Revue philosophique

La théorie des niveaux d’intégration (Theory of integrative levels) a été proposée par les philosophes James K. Feibleman et Nicolaï Hartmann au milieu du XXe siècle et, presque simultanément (en 1942), par Werner Heisenberg. Cette vision du monde fut popularisée par Joseph Needham dans les années 1960. En associant les idées d’Auguste Comte sur la classification des sciences et la theory of integrative levels, Joseph Needham a proposé une nouvelle classification des connaissances scientifiques. Il s'agit d'une conception ontologique, c'est-à-dire sur ce qui constitue le monde. Bien entendu, elle n'est pas exactement la même chose pour chacun de ces auteurs.

Si l'on admet que le réel n'est pas homogène, on doit y distinguer différents modes d'être ou formes d'existence qui peuvent être nommés « niveaux ». Certains d'entre-eux peuvent être regroupés, du fait de caractères communs, et ces grands regroupements constituent une « région » qui se caractérise par des lois propres (d'où le nom de « régions nomologiques », terme proposé par Werner Heisenberg).

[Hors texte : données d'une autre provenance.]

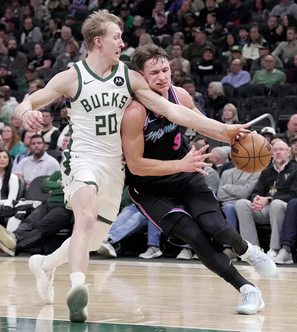 Miami Heat guard Pelle Larsson (9) guards Milwaukee Bucks guard Ryan Rollins (13) during the second half of their game Tuesday, February 24, 2026 at Fiserv Forum in Milwaukee, Wisconsin. The Milwaukee Bucks beat the Miami Heat 128-117.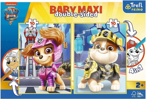 Ten zestaw dwustronnych puzzli Baby Maxi oferuje małym fanom PSIEGO PATROLU aż cztery sposoby zabawy w jednym produkcie. Dwie kolorowe układanki po 10 dużych elementów są idealne dla małych rączek i wspierają rozwój koordynacji oko–ręka. Na odwrocie każdej układanki znajduje się duża kolorowanka z ulubionymi bohaterami z filmu.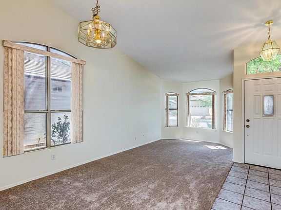 Welcome to your new home sweet home! Well maintained home with large picture windows, and neutral paint tones that lead you throughout the house when you enter. Entertain your guests in the front dining room while the chef in the family creates a culinary delight! The eat in kitchen has a center island with breakfast bar, new stainless steel appliances, and lite cabinets. Relax in the family room while enjoying the lovely view of the private and green backyard. All of the bedrooms include plush carpeting, and ceiling fans. The spacious master retreat has a sitting area, and an en-suite which includes a double sink vanity with granite, a large walk in closet, a walk in shower, and a garden tub. Sit under the covered patio in the backyard. A/C is 2015/Hot water heater 2018! Conveniently cated near desert ridge mall. This house will not last long! Come and see it today!
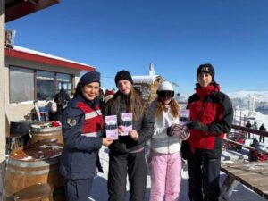 Bursa İl Jandarma Komutanlığı Aile İçi Şiddetle Mücadele ve Çocuk Kısım Amirliği personeli tarafından, Uludağ Milli Parkı’na kış turizmi amacıyla gelen vatandaşlara yönelik bilgilendirme faaliyeti gerçekleştirildi.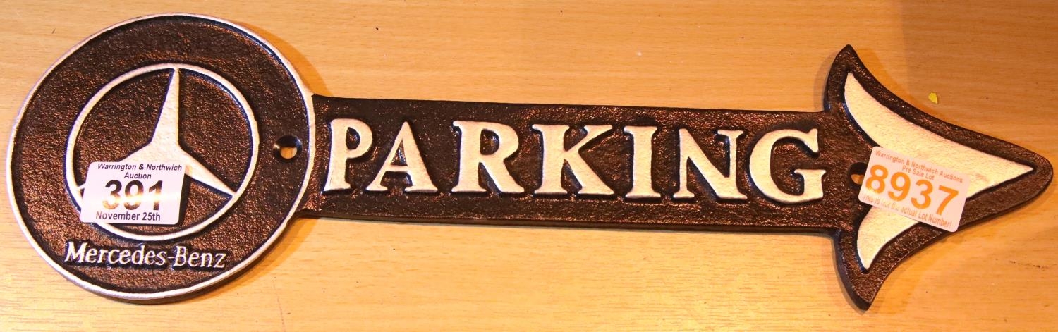 Cast iron Mercedes Benz parking arrow, 40 x 12 cm. P&P Group 1 (£14+VAT for the first lot and £1+VAT for subsequent lots)

On distingue généralement les régions du monde suivantes : physique, chimique, biologique, et de manière plus controversée cognitivo-représentationnelle et sociale.

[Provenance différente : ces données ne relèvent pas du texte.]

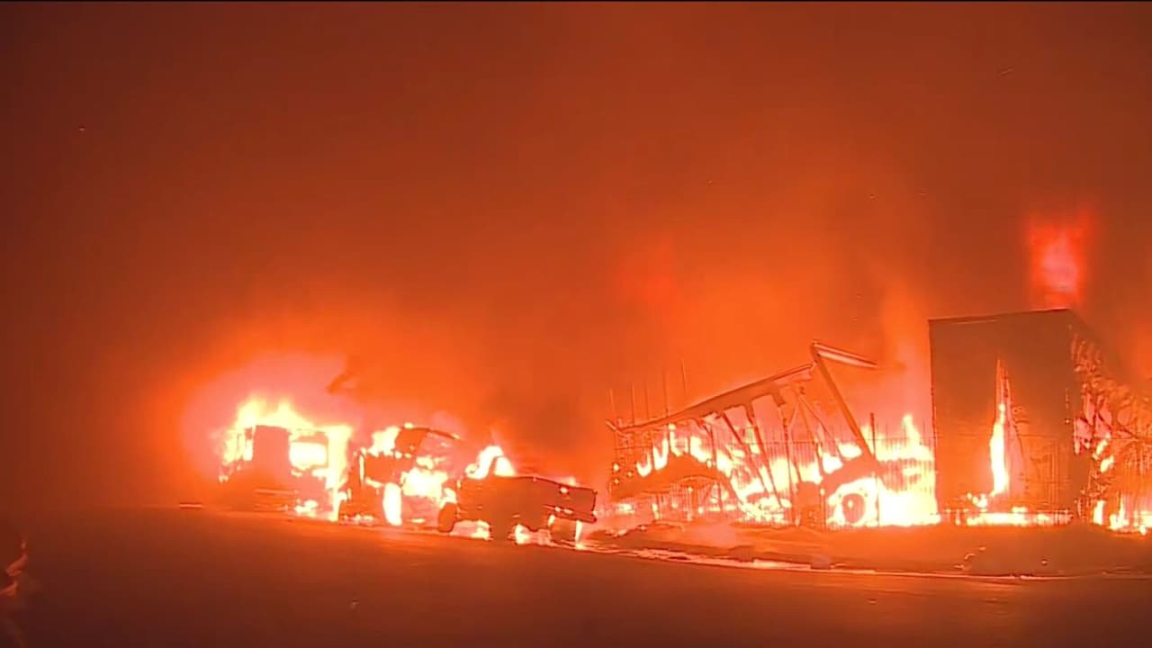 Mario Tama/Getty ImagesLas llamas se desataron a las 12:22 a.m. del sábado 11, en la cuadra 1700 de la calle 14th Este, en Los Ángeles. Su origen fue en dos lotes de almacenamiento, en la zona industrial bajo la autopista 10.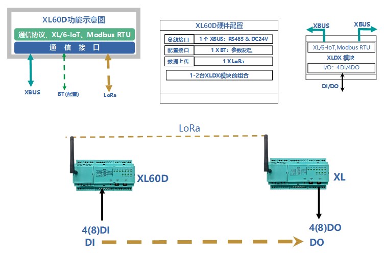 XL60D的通信方式是LoRa无线传输方式,每台XL60D主机模块,最多配两个开关量I/O模块。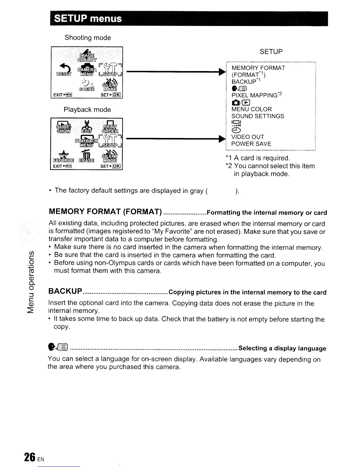 SETUP menus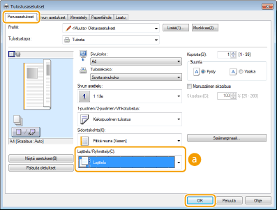Jos valitset [Ei käytössä], tulosteiden lajittelu määräytyy sovelluksessa tehtyjen asetusten mukaan.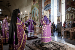 13 апреля, в четверг утром епископ Савватий совершил Литургию Василия Великого в Свято-Воскресенском кафедральном соборе. В Великий четверг Евангельское чтение повествует о Тайной вечери, умовении ног и молитве в Гефсиманском саду.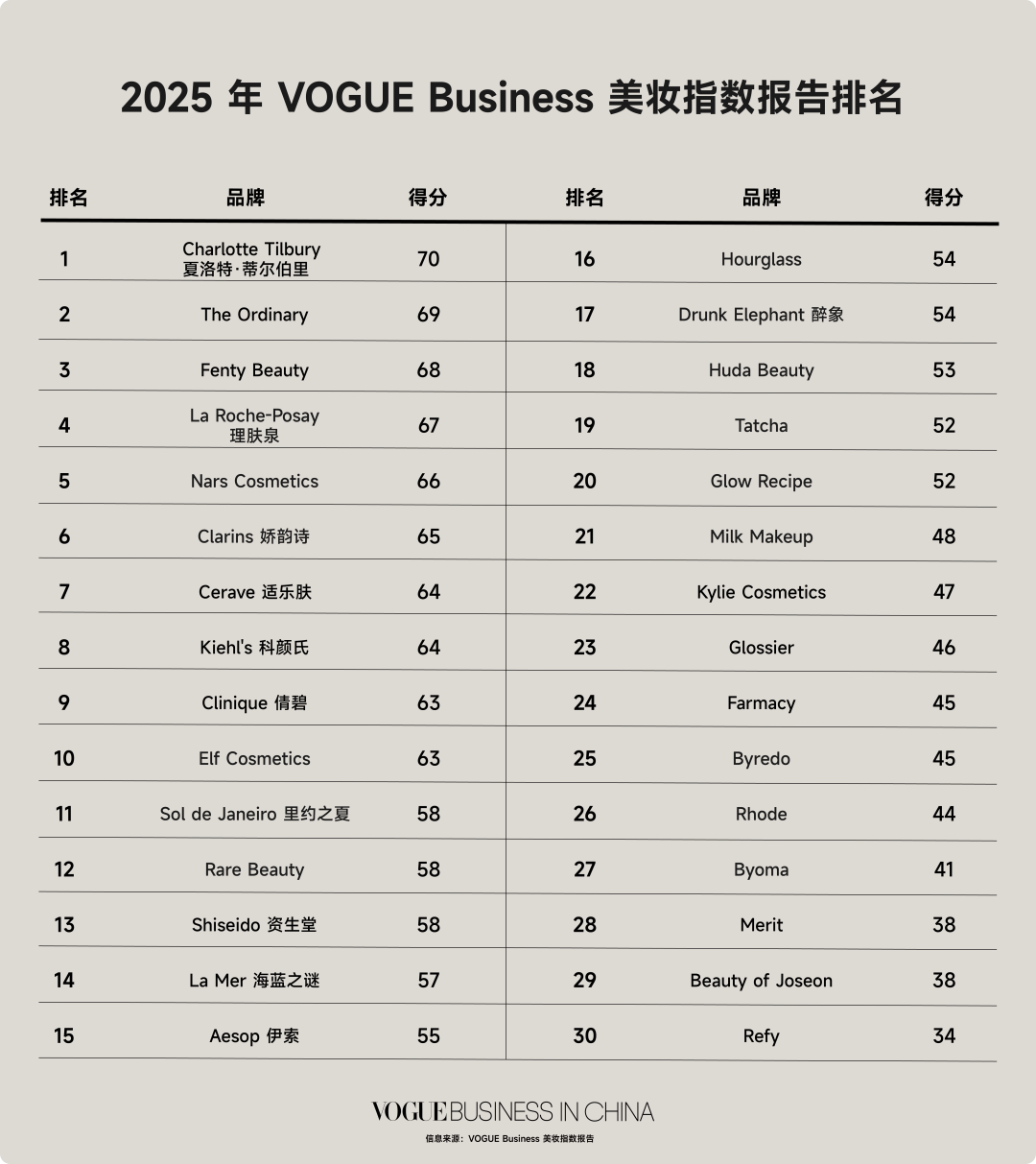 Charlotte Tilbury 首次登顶 VOGUE Business 美妆指数榜首,这也是自 2023 年美妆指数报告发布以来,The Ordinary 首次失去冠军宝座。
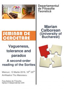 Miercuri, 13 martie, în cadrul Seminarului de cercetare al Departamentului de Filosofie Teoretică, Marian Călborean va susţine prezentarea intitulată „Vagueness, tolerance and paradox. A second-order reading of the Sorites”.
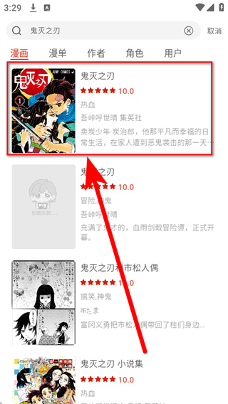 3、在搜索结果列表里,点击目标漫画,进入该漫画的详情页面。

Chaque région ainsi délimitée est vaste et comporte divers degrés de complexification, mais tout ce qui la compose a certains traits communs et peut être étudié selon une méthode commune.  Dans la perspective émergentiste et évolutionniste, chaque mode d’existence se construit sur celui qui le précède, et, en même temps, possède des propriétés nouvelles et spécifiques. On suppose qu'une transformation organisationnelle donne naissance à un niveau plus complexe et que cette émergence fait apparaître un ensemble d'entités et de phénomènes spécifiques.

Le terme de « niveau » et celui de « région » présentent un inconvénient, ils sous-entendent une spatialité, une topologie. Niveau évoque des strates, des zones. Or, ces topologies simples sont inadéquates, car les modes d'existence sont enchevêtrés. Pour cette raison, il est utile de préciser qu'il s'agit de mode d'existence ou forme d'organisation, termes qui n'impliquent pas de topologie particulière.

Cette conception par niveaux s’oppose au réductionnisme, qui veut ramener toutes les régions au niveau inférieur (physique). Cependant, ce n'est pas une vision « organique » du monde qui mettrait l’accent sur sa fonctionnalité d’ensemble. Ce n'est pas non plus, en ce qui concerne le vivant, une forme du vitalisme, qui supposerait un principe indépendant et particulier. C'est seulement une vision pluraliste.